PLTR stock: valuation risks
The table below shows the consensus EPS estimates for PLTR stock in the next four years. As seen, the good news is that analyst consensus points to a robust EPS growth in the next few years, from $0.36 in FY 2024 to $0.64 in FY 2027. The annual growth rates are expected to be in the range of 20% to as high as 42% during this period. Overall, I agree with the positive outlook for PLTR’s earnings growth for a range of catalysts to be detailed later.
However, the valuation risks it simply too high at this point. As seen in the table, PLTR’s forward P/E ratio currently hovers around 110 based on the FY 2024 ESP forecast. Even assuming the growth curve projected by consensus materialized perfectly, the implied FWD P/E would still be about 61.31 in 4 years, still too high both in absolute and relative terms.
PLTR stock: Upside risks and final thoughts
In terms of upside risks, I do anticipate PLTR to continue to benefit from strong demand for its products. More specifically, I anticipate a considerable sales funnel of prospective clients, as well as the potential for PLTR to expand with new products for existing partners. Let me just provide a few examples here to illustrate the key catalysts that can enable such an expansion in my view. The company has recently demonstrated with A.I.P., the Ontology platform, and other successful tools. These tools demonstrated to me that they can help clients quickly spin out new, highly profitable products. Furthermore, generative AI (“GAI”) and Large Language Models (“LLM”) are already presenting tools that are reducing clients’ cost structures and improving productivity, and future applications of these technologies appear inevitable.
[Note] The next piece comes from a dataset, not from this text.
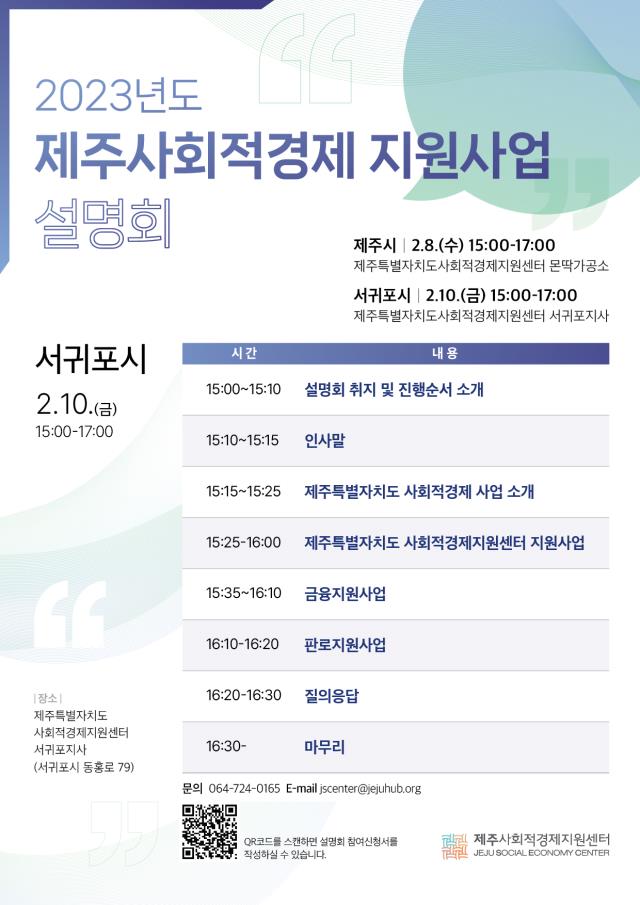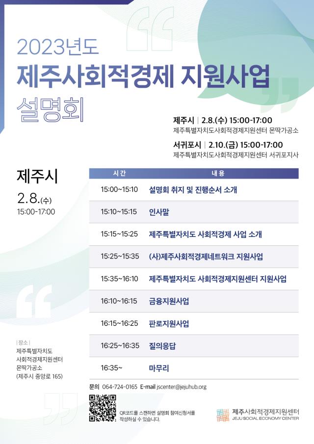 [공고] (제주사회적경제지원센터) 2023 제주사회적경제 지원사업 설명회 (2. 8,10)

Of course, this is a space that’s subject to rapid or even unpredictable change, I think Palantir is in a strong position to weather the speed bumps. As a reflection of its strength, the company has almost $4 billion of cash on its balance sheet and no long-term debt (see the next chart below). As a result, the company collected over $171 million of interest and dividends from U.S. Treasury securities in the past 12 months as seen, a nice supplement to its operating incoming (of around $292 million as of TTM).
All told, my verdict is that, despite the positives, existing investors have set too optimistic expectations for the company’s future growth. As argued above, even if the company keeps growing at 20%-plus annual rates as consensus forecasted, its implied P/E would still be in the 60-plus range after four years. This level of FWD valuation translates into an extremely unfavorable return/risk profile in my view, and the recent insider sales serve as a reflection of such risks.
Analyst’s Disclosure: I/we have no stock, option or similar derivative position in any of the companies mentioned, and no plans to initiate any such positions within the next 72 hours. I wrote this article myself, and it expresses my own opinions. I am not receiving compensation for it (other than from Seeking Alpha). I have no business relationship with any company whose stock is mentioned in this article.